Work required: Span requested from the data below: the line with "Silver Paperclip Chain" through the line with "branded woven label.", both included. Give only these lines again, exactly, and leave every picture out.

Given entries:

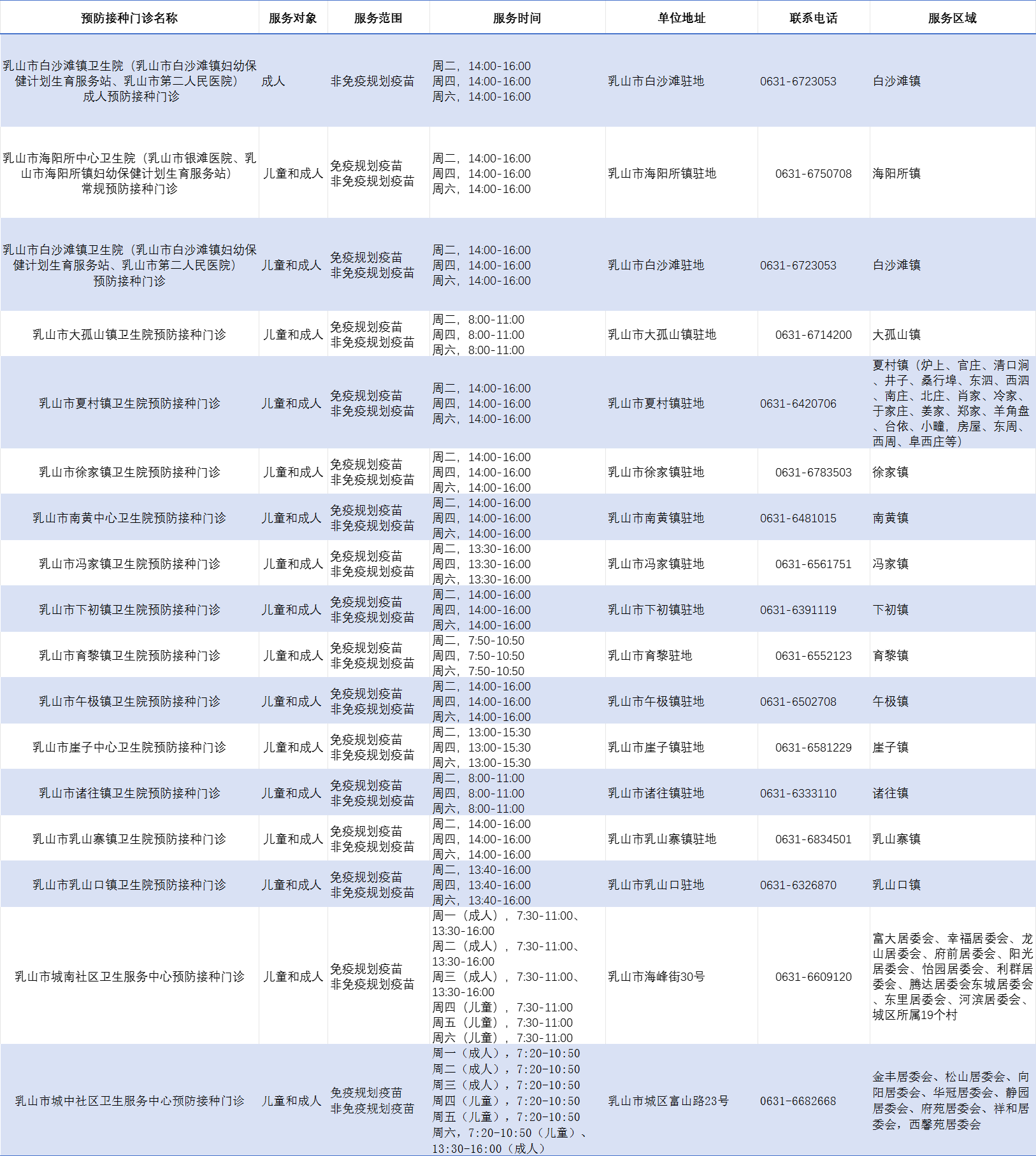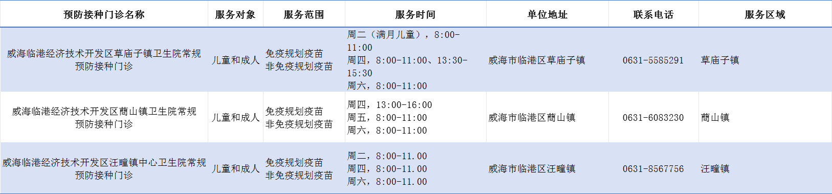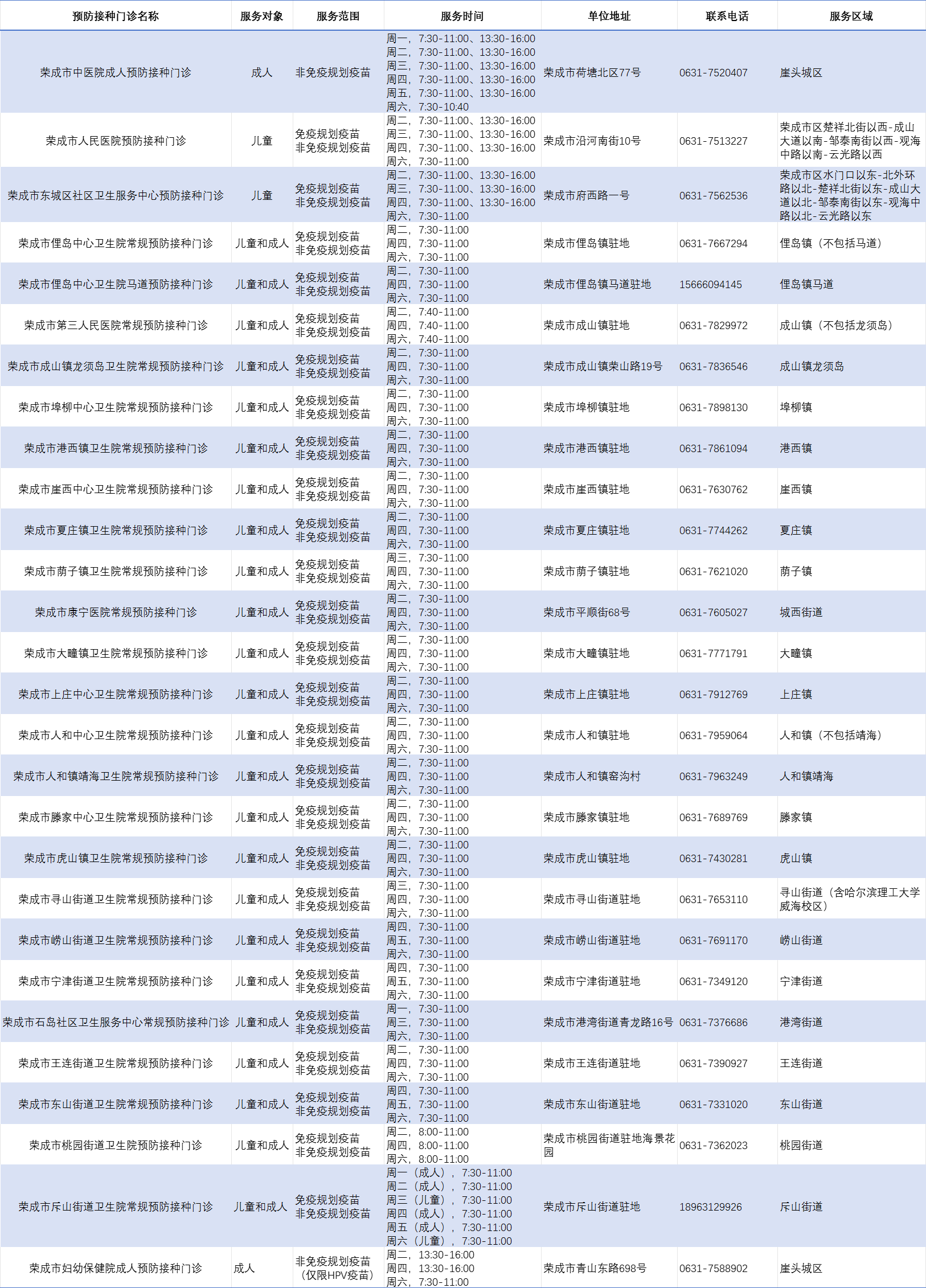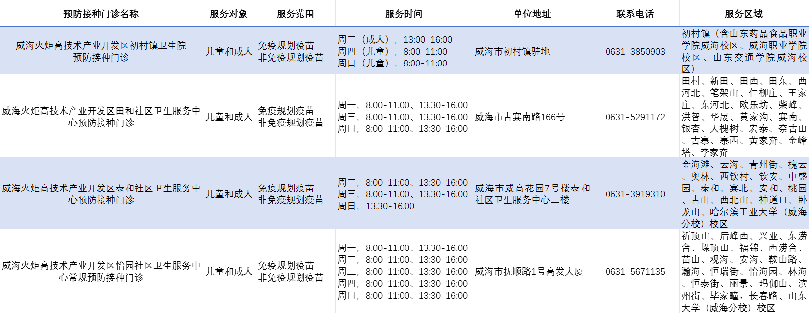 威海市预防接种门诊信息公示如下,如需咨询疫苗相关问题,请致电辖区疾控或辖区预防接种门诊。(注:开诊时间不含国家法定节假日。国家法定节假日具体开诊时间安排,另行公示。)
---
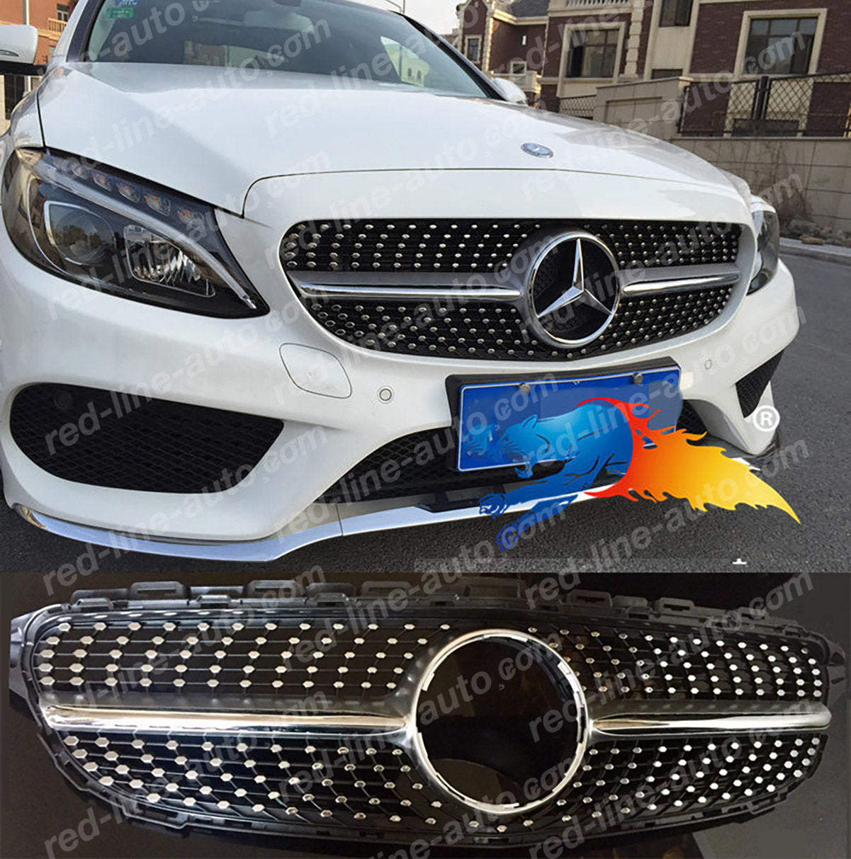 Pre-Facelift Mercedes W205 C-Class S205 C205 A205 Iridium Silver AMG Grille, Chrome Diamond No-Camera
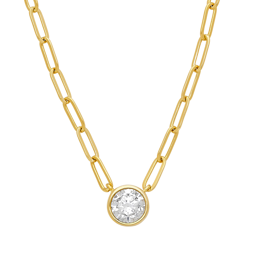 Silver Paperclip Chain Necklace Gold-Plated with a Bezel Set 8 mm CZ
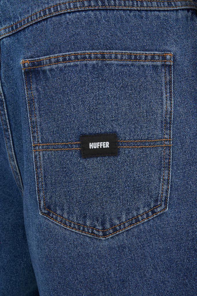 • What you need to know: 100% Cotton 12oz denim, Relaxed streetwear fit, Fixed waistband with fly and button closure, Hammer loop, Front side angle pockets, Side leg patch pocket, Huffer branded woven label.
* * *
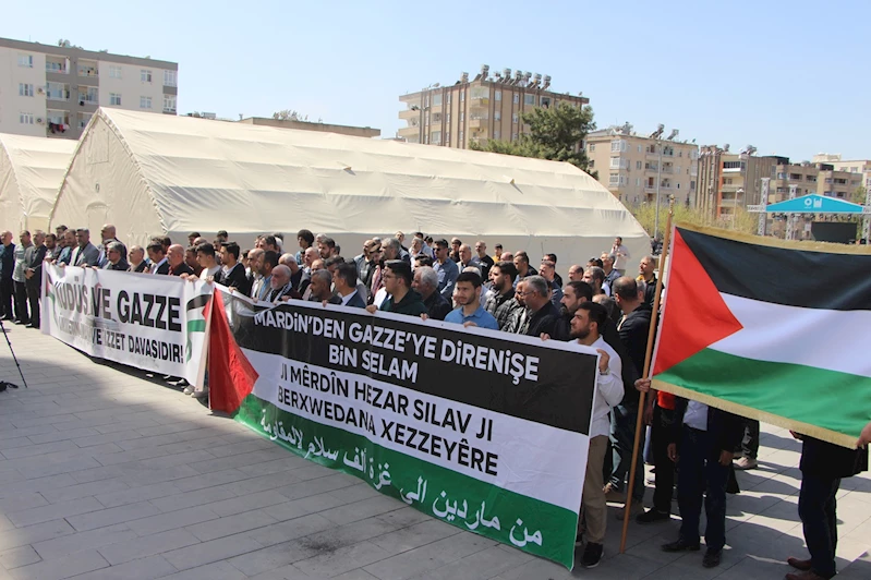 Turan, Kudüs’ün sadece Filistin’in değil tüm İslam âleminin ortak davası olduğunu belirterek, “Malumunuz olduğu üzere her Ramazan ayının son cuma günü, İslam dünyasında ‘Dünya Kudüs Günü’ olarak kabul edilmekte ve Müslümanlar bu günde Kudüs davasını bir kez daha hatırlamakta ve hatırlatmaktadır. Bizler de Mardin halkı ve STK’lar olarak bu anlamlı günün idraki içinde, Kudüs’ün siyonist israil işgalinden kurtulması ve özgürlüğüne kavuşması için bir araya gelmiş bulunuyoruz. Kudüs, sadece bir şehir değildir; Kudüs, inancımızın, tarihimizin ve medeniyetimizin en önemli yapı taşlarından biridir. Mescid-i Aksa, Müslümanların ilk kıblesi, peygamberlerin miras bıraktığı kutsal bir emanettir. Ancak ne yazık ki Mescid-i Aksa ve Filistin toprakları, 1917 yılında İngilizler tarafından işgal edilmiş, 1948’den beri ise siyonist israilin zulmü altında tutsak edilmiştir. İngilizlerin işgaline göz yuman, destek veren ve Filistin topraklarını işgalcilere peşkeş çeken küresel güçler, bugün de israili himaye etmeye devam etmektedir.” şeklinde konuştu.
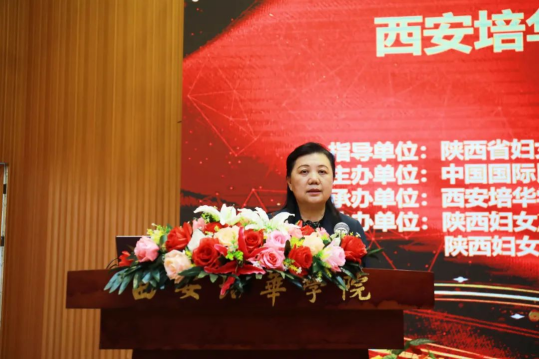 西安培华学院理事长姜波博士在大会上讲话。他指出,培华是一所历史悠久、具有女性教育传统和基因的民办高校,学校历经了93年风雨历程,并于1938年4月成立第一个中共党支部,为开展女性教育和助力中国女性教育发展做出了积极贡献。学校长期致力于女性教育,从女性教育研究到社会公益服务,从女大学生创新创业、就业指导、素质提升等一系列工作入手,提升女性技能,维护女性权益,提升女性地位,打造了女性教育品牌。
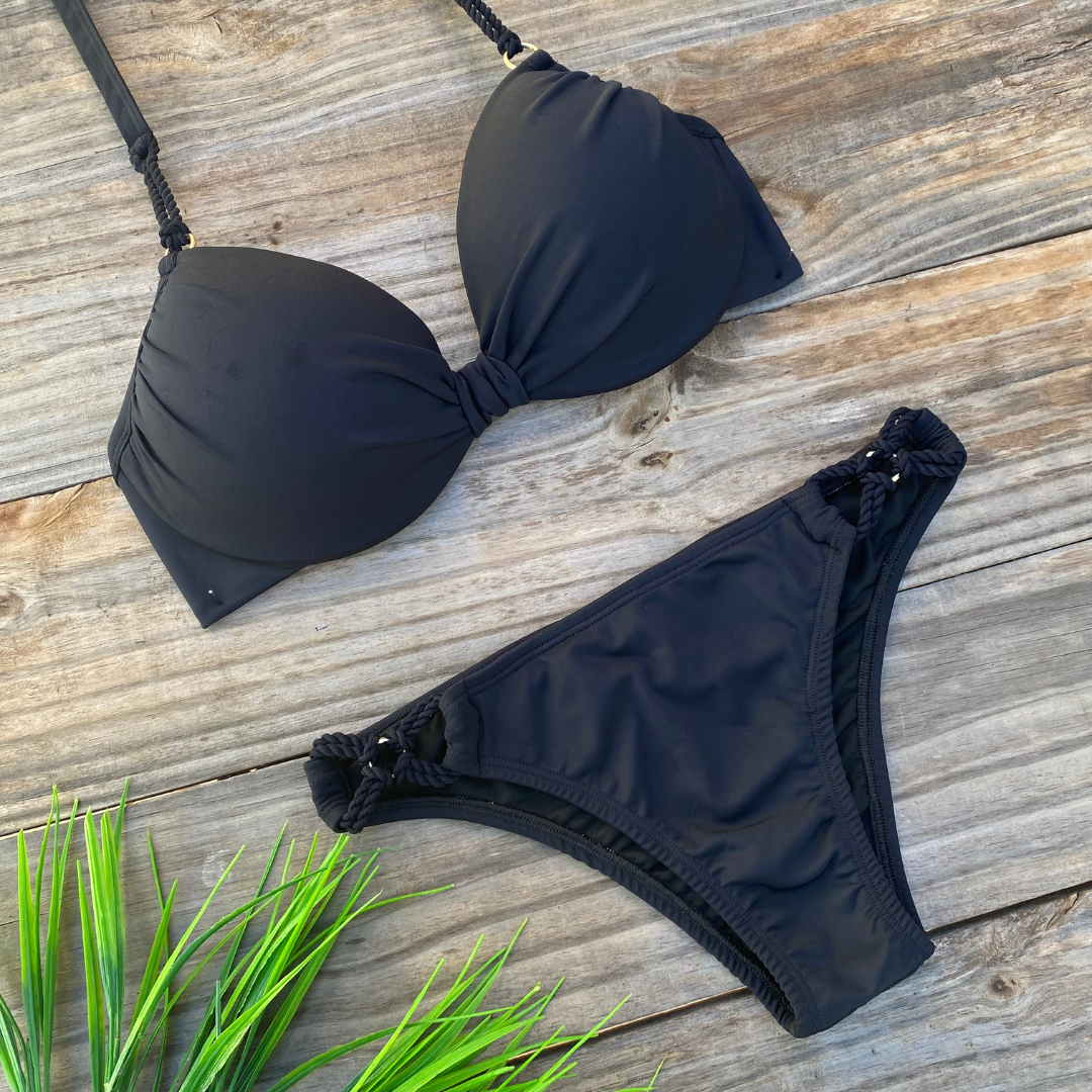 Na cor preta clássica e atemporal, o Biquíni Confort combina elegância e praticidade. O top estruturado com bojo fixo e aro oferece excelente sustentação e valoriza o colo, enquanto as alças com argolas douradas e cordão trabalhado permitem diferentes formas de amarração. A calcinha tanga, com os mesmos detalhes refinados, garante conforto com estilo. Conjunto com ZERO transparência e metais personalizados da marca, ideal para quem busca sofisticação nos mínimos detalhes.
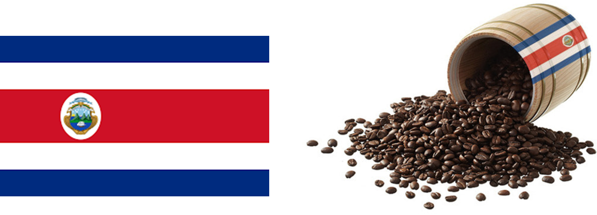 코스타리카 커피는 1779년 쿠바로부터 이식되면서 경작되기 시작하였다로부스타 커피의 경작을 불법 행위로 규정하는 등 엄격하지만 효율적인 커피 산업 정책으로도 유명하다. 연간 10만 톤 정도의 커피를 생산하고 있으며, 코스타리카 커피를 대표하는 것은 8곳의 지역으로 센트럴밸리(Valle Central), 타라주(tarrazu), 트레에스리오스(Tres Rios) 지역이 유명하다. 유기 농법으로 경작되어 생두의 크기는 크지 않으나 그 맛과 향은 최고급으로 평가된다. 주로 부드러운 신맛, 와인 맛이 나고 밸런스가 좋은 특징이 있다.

Expected answer:
 Silver Paperclip Chain Necklace Gold-Plated with a Bezel Set 8 mm CZ
 • What you need to know: 100% Cotton 12oz denim, Relaxed streetwear fit, Fixed waistband with fly and button closure, Hammer loop, Front side angle pockets, Side leg patch pocket, Huffer branded woven label.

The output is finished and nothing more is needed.